• Given data
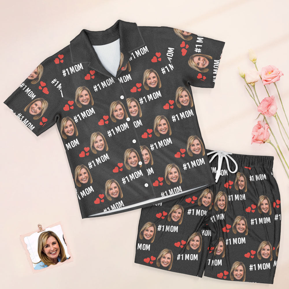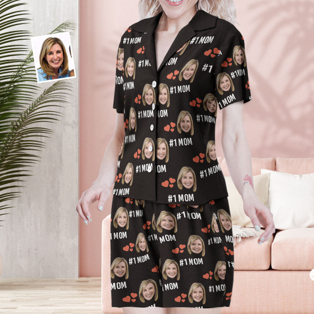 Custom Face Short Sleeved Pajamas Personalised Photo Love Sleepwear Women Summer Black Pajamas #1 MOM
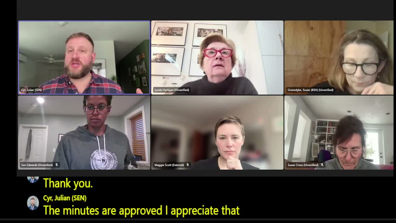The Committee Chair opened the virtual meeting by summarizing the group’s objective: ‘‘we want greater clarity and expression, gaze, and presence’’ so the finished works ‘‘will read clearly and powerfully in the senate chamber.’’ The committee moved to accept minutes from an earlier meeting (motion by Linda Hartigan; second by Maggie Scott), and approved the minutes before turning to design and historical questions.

==

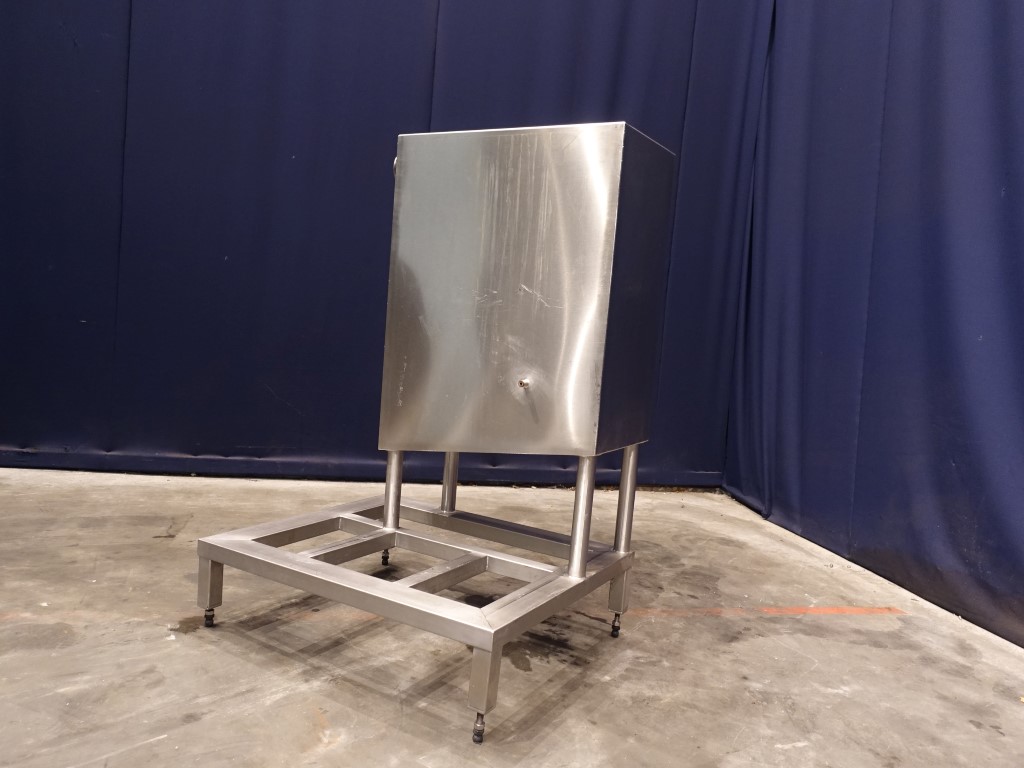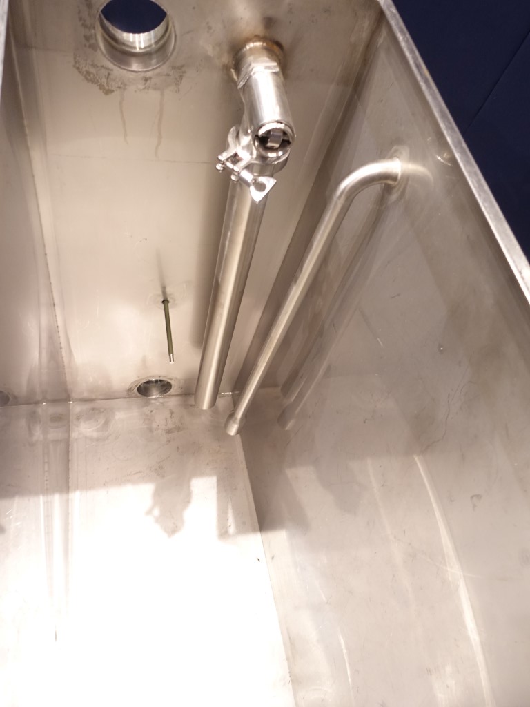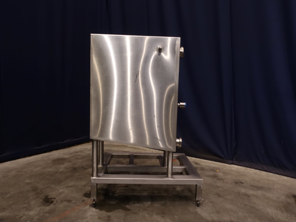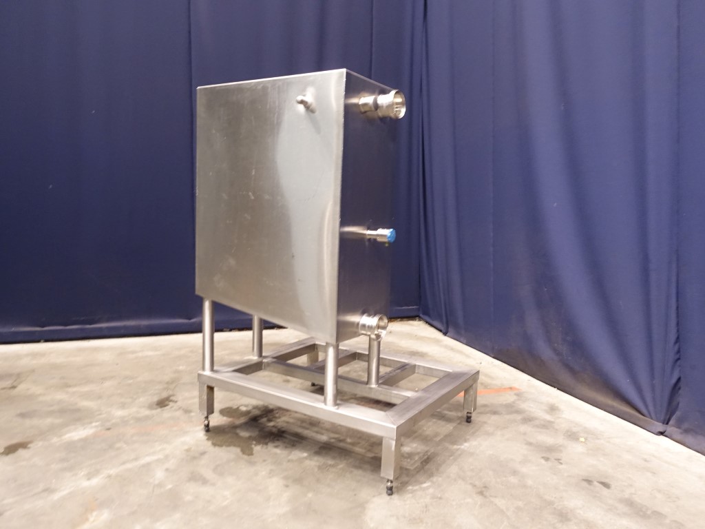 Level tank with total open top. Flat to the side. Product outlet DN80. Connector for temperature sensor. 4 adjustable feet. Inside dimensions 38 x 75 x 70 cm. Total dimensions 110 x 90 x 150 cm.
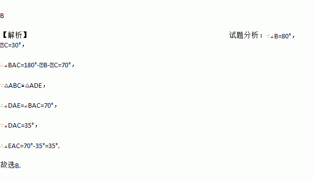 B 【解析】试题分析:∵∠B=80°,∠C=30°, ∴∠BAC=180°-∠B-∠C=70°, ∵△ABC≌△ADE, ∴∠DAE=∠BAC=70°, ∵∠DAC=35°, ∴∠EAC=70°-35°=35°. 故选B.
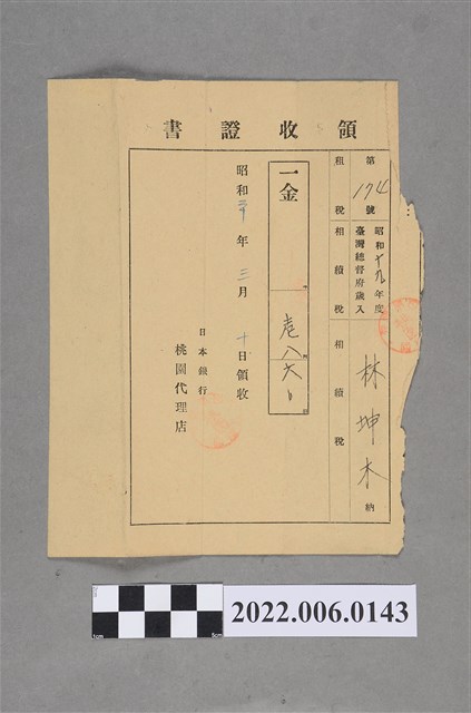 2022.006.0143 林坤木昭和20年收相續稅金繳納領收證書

• What the task asks
Take the material above from the line containing "Level tank with" up to and including the line containing "2022.006.0143 林坤木昭和20年收相續稅金繳納領收證書" and retype it exactly, without any pictures.

• Output of the task
 Level tank with total open top. Flat to the side. Product outlet DN80. Connector for temperature sensor. 4 adjustable feet. Inside dimensions 38 x 75 x 70 cm. Total dimensions 110 x 90 x 150 cm.
 B 【解析】试题分析:∵∠B=80°,∠C=30°, ∴∠BAC=180°-∠B-∠C=70°, ∵△ABC≌△ADE, ∴∠DAE=∠BAC=70°, ∵∠DAC=35°, ∴∠EAC=70°-35°=35°. 故选B.
 2022.006.0143 林坤木昭和20年收相續稅金繳納領收證書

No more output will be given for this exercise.